While presenting the paper prototypes to the users, I asked them to narrate it out loud, so that their thoughts, expectations, and understanding of the app and their actions are clear to themselves and to me, and I can record their reactions perfectly. This went back to the drawing board for a better fidelity prototype. All this comprised the stage of what I term as “sense and flow”. After sense and flow, the process was linear, but of course, had many iterations and requires more too.
- Sense and Flow: the above described circular process. Prototypes 1 and 2 below belong to this section of the process.
- Primary high fidelity: This is the most understandable prototype you can quickly make – that would seem like a well-developed wireframe. Prototypes 3 and above were built here at this stage.
- Word Design and Visual Design: Choosing the right wording, expressions, and phrases.
- User Reactions: Showing high fidelity interactive prototypes and recording reactions – this was done during the ‘Major Major DIMENSIONS’ Studio Exhibition show, May 5th, 2018.
- Iterations – for refining the app, minor details, added features – based on more elaborate user feedback and reactions recorded.
For a news app that speaks against bias, I decided that it should be ‘colorless’ and stick to greys and whites. But to add to the aesthetic, I chose the Pantone Color of the Year, Ultra Violet, that also well represents the ‘centre’ that is neither left or right biased and is only used as an accent color.
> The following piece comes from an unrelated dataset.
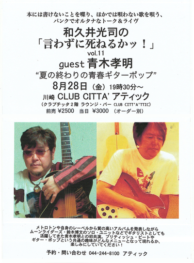 8月28日(金) 神奈川県 川崎 CLUB CITTA’ アティック http://clubcitta.co.jp/attic/ 「和久井光司の「言わずに死ねるかッ!」 vol.11 〜夏の終わりの青春ギターポップ〜」 出演: [ホストMC] 和久井光司 [ゲスト] 青木孝明 open19:00 start19:30 前売り2500円 当日2800円 共に+1DRINK メトロトロンや自身のレーベルから質の高いアルバムを発表しながら、ムーンライダーズ・鈴木博文のソロ・ユニットなどでギタリストとしても活躍してきた青木孝明との初共演!ブリティッシュ・ビートやギター・ポップと言う共通の趣味がどん

The rest of the visual design was simple, not too far away from the regular news apps, and I based this on Google’s Material Design basics. The app will need a few more iterations on the visual design.
[ Work in progress ]
- You are only fed with news from ‘center’ sources.
- If you read one biased news source, you will be shown another biased news source from the opposite end – same translated on to the news feed.
- You will have one news story from each side, left, right and center to read and without which you will have to reset back home and pick your next story.
- Generating a unique key for every page combination, so that when shared outside the app, clicks to this will take you back to the screen showing multiple sources of the same story.
- Filtering and judging would not change the general news feed but reading them will.
- TLDR versions of articles will be shown by machine learning and a summary will be created. This can be turned off in settings and users will get direct access to the full versions out of the article.
- Next steps are to frame and refine all the features iteratively.
- Give multiple iterations to the visual design
- Frame this in two contexts of people – USA and India and record more user reactions.
Journalism is being hit by forces that have been building for some time but the past year has seen this story break out from its media bubble to attract the attention of policymakers, politicians, and even the wider public. The news itself has become the news.
From the platform perspective, there is an increased recognition that algorithms are rarely neutral, nor can they deal with the nuances and complexities of our modern world. As regulators and legislators circle in the wings, Google and Facebook are responding in various ways including – in the news area – through partnerships with independent fact-checkers and the testing of new algorithms that attempt to break people out of their bubbles.10 They know too that their long-term business depends on building far higher levels of trust than our survey demonstrates people currently have in social media in particular. The crisis over fake news could be the best thing that has happened to journalism – or the worst.
Zagrut is not a magic wand that is aimed to solve all these problems. However, it’s a step in that direction – to critique the existing system of news propagation and consumption and makes the user aware of the bias in this environment.